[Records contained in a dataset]
● ● ● ● ●

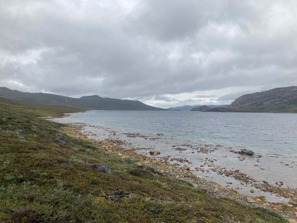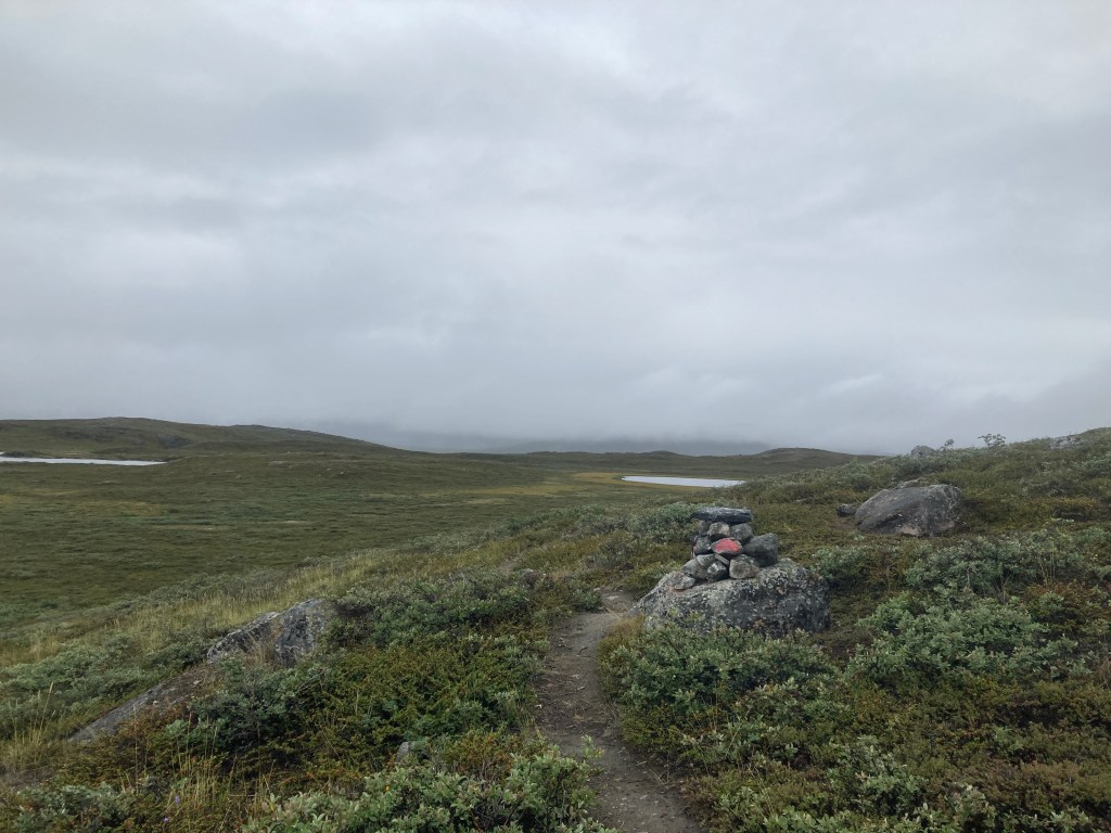 Nach der Pause führte mich der Trail entlang des Sees Immikkeertaa entlang. Vielfach hatte ich die Wahl zwischen dem Bächlein der der Trail war oder der komplett durchweichten Wiese daneben. Aber meine Füße waren ja eh schon nass. 😉 Auf und Ab, bei leichtem Nieselregen und Gegenwind. Jedesmal wenn ich eine Pause gemacht habe, habe ich danach 10 Minuten gebraucht um wieder warm zu werden. Soweit das ging. Aber schön war’s.
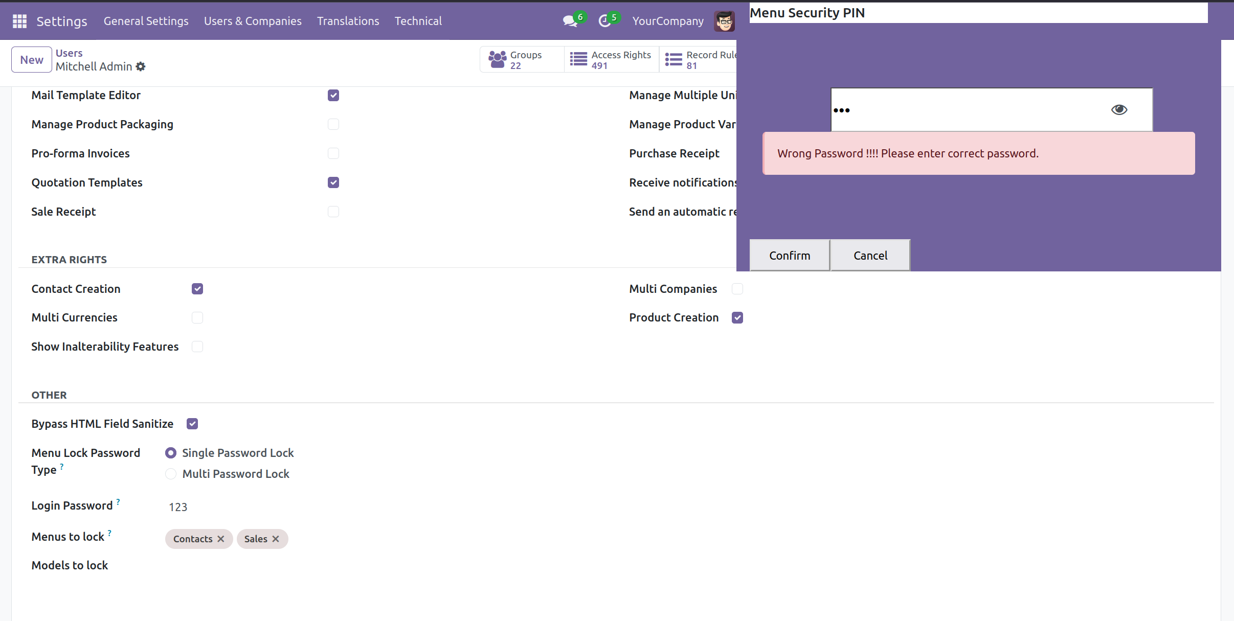 Go to Settings --> Users & Companies --> Users User can select the type of menu lock, single or multiple. Here we have selected 'Single Password Lock' and also added 'Menus to lock' and 'Login Password'.
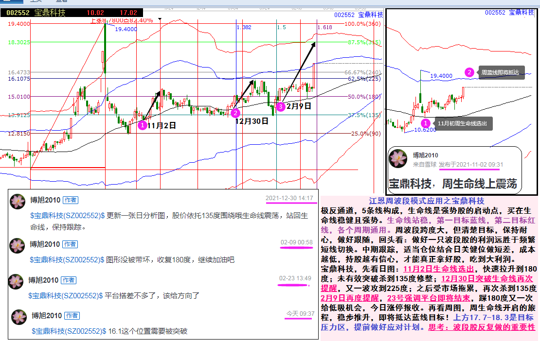 寶鼎科技,先看日?qǐng)D:11月2日生命線選出,快速拉升到180度;未有效突破殺到135度修整;12月30日突破生命線再次提醒,又一波攻到225度;之后受市場(chǎng)拖累,再次殺到135度2月9日再度提醒,23號(hào)強(qiáng)調(diào)平臺(tái)即將結(jié)束,踩180度又一次給低吸機(jī)會(huì),今日漲停報(bào)收。再看周圖,周生命線開(kāi)啟的旅程,穩(wěn)步推升,即將抵達(dá)藍(lán)線目標(biāo)!上方17.7-18.3是目標(biāo)壓力區(qū),提前做好應(yīng)對(duì)計(jì)劃。思考:波段股反復(fù)做的重要性!
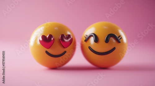 Happy Pair of Face Emojis with Hearts for Eyes and Smiling Expressions
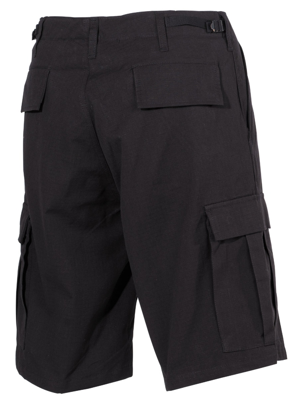 Černé kraťasy - originál střih, barva a materiál dle bermud US Army. Kraťasy mají 2 přední kapsy, 2 zapínací zadní kapsy, 2 velké zapínací kapsy na stehnech. Obvod pasu lze zmenšit pomocí bočních pásků (o cca 10cm). Materiál: 100% bavlna - Rip Stop. | ||
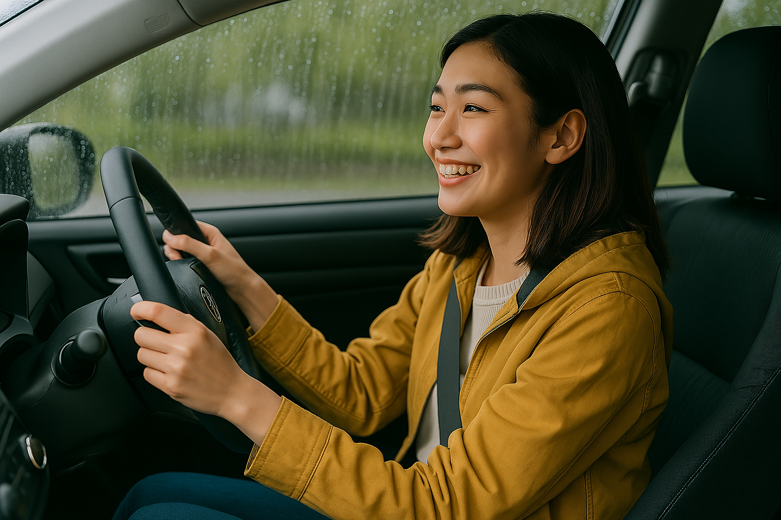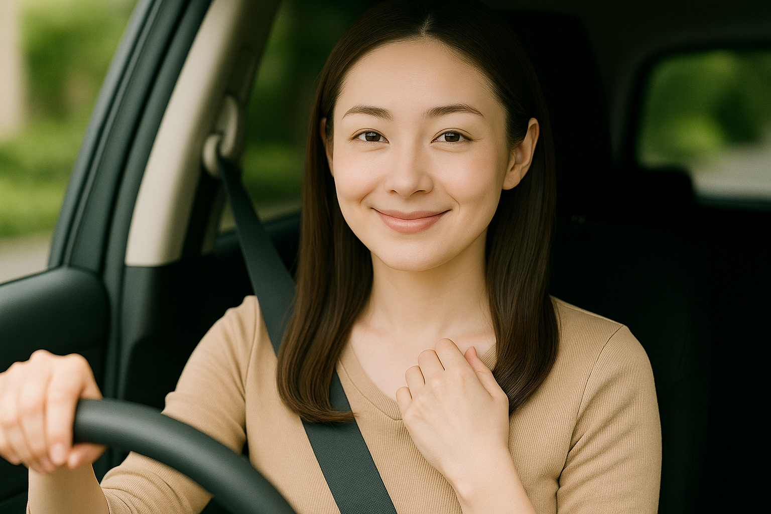 運転に自信を持つ女性ドライバーの笑顔
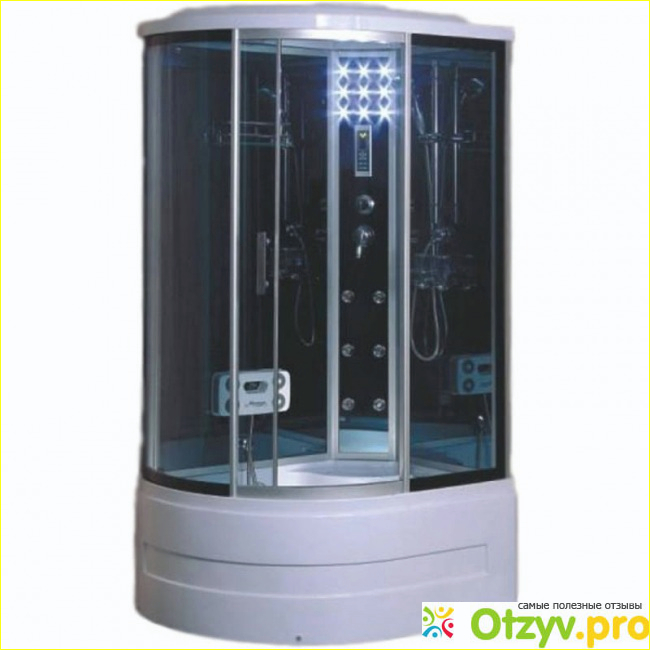 Причем дверцы сделаны из тонированного темно-синего стекла, а стенка - из стекла зеркального. Выглядит очень круто, поверьте. В данном гибробоксе есть много чего интересного. Например, дозаторы для шампуней. Это очень удобно, не надо наставлять кучу бутылочек на полку. В данном гидробоксе есть даже дисплей и возможность электронного управления!! В нем есть радио, которое отлично ловит все популярные радиостанции. Звук звучит отлично. И знаете, мыться под музыку, играющую в кабине, это очень круто. Панель в кабине очень красиво подсвечивается, что делает процесс мытья еще более романтичным!)А еще этот гидробокс даже способен принимать звонки с вашего стационарного телефона! Правда, я эту функцию так и не опробовала еще. Ну и конечно же, как не сказать, о глубоком и удобном поддоне. Глубина поддона-42 см, если что. В данном гидробоксе есть классический тропический душ, душевая лейка, гидромассаж ног (!!!) и вертикальный гидромассаж. Гидромассаж ног и вертикальный гидромассаж работает очень эффективно. И это просто нечто после тяжелого рабочего дня. Даже муж уже ни разу не пожалел, что согласился на мой вариант с гидробоксом. Так же в данном гидробоксе отлично работает встроенная вентиляция, так что он хорошо высыхает, в нем нет сырости и плесени. Лично мне кажется, что за 12000 гривен тяжело найти аналогичный вариант со столькими возможностями. И к тому же, он абсолютно герметичный. Не протекает, проверено!
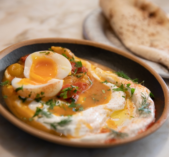 Quem chega cedo, pode pedir um dos cafés de especialidade, nas suas habituais declinações (cappuccino, flat white, americano, por aí fora), ou alguns lattes especiais da casa, como o beetroot, à base de beterraba, ou o golden, feito com uma mistura de especiarias. Há ainda alguns sumos, entre os quais se destaca o tamarind iced tea, com cardamomo, sumo de lima e xarope de tamarindo caseiro. Para comer, há ovos turcos servidos com flatbread caseiro e um já popular pequeno-almoço do Médio Oriente, composto por hummus ou labneh, abacate, ovo escalfado, salada de tomate com sumac, rúcula e ervas frescas, pickles e molho de tahini (custa €12.50).
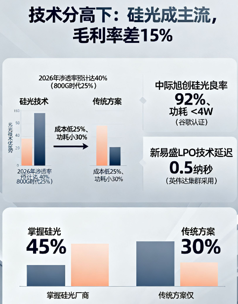 1.6T时代,“硅光技术”成了分水岭。这技术能把电子和光子器件集成在一块芯片上,成本低、功耗小,2026年渗透率预计达40%,比800G时代高15个百分点。
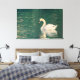 En serenbild har en vit mute svan som på ett snyggt sätt glider på en kropp av vatten. Svan nacke är böjt i en klassisk S-form, och dess reflektion syns i vatten. Vatten är en förändrad grönt färg, vilket tyder på en naturlig miljö. Bakgrunden är suddig, vilket tyder på ett ytligt djup i fält, som är inriktat på svan. Den allmänna stämningen är fredlig och lugn.
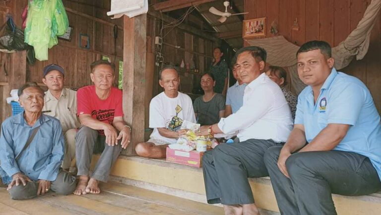 លោក វាំង វិរះ មេឃុំតានូន ដឹកនាំក្រុមការងារ ចុះទៅសួរសុខទុក្ខដល់លោក ឆឹង ព្រាក ភេទ ប្រុស អាយុ ៧២ ឆ្នាំ (តួនាទីជាអនុភូមិព្រែកខ្យងដែលកំពុងមានជម្ងឺស្ពឹកមួយចំហៀងខ្លួនដើរមិនរួច) មានទីលំនៅបច្ចុប្បន្នភូមិព្រែកខ្យង

● ● ● ● ●

# WHAT TO DO
Repeat exactly the lines above, from the line that contains "Černé kraťasy - originál" down through the line that contains "Причем дверцы сделаны". Include both of those lines and none of the pictures.

# EXPECTED ANSWER
 Černé kraťasy - originál střih, barva a materiál dle bermud US Army. Kraťasy mají 2 přední kapsy, 2 zapínací zadní kapsy, 2 velké zapínací kapsy na stehnech. Obvod pasu lze zmenšit pomocí bočních pásků (o cca 10cm). Materiál: 100% bavlna - Rip Stop. | ||
 運転に自信を持つ女性ドライバーの笑顔
 Причем дверцы сделаны из тонированного темно-синего стекла, а стенка - из стекла зеркального. Выглядит очень круто, поверьте. В данном гибробоксе есть много чего интересного. Например, дозаторы для шампуней. Это очень удобно, не надо наставлять кучу бутылочек на полку. В данном гидробоксе есть даже дисплей и возможность электронного управления!! В нем есть радио, которое отлично ловит все популярные радиостанции. Звук звучит отлично. И знаете, мыться под музыку, играющую в кабине, это очень круто. Панель в кабине очень красиво подсвечивается, что делает процесс мытья еще более романтичным!)А еще этот гидробокс даже способен принимать звонки с вашего стационарного телефона! Правда, я эту функцию так и не опробовала еще. Ну и конечно же, как не сказать, о глубоком и удобном поддоне. Глубина поддона-42 см, если что. В данном гидробоксе есть классический тропический душ, душевая лейка, гидромассаж ног (!!!) и вертикальный гидромассаж. Гидромассаж ног и вертикальный гидромассаж работает очень эффективно. И это просто нечто после тяжелого рабочего дня. Даже муж уже ни разу не пожалел, что согласился на мой вариант с гидробоксом. Так же в данном гидробоксе отлично работает встроенная вентиляция, так что он хорошо высыхает, в нем нет сырости и плесени. Лично мне кажется, что за 12000 гривен тяжело найти аналогичный вариант со столькими возможностями. И к тому же, он абсолютно герметичный. Не протекает, проверено!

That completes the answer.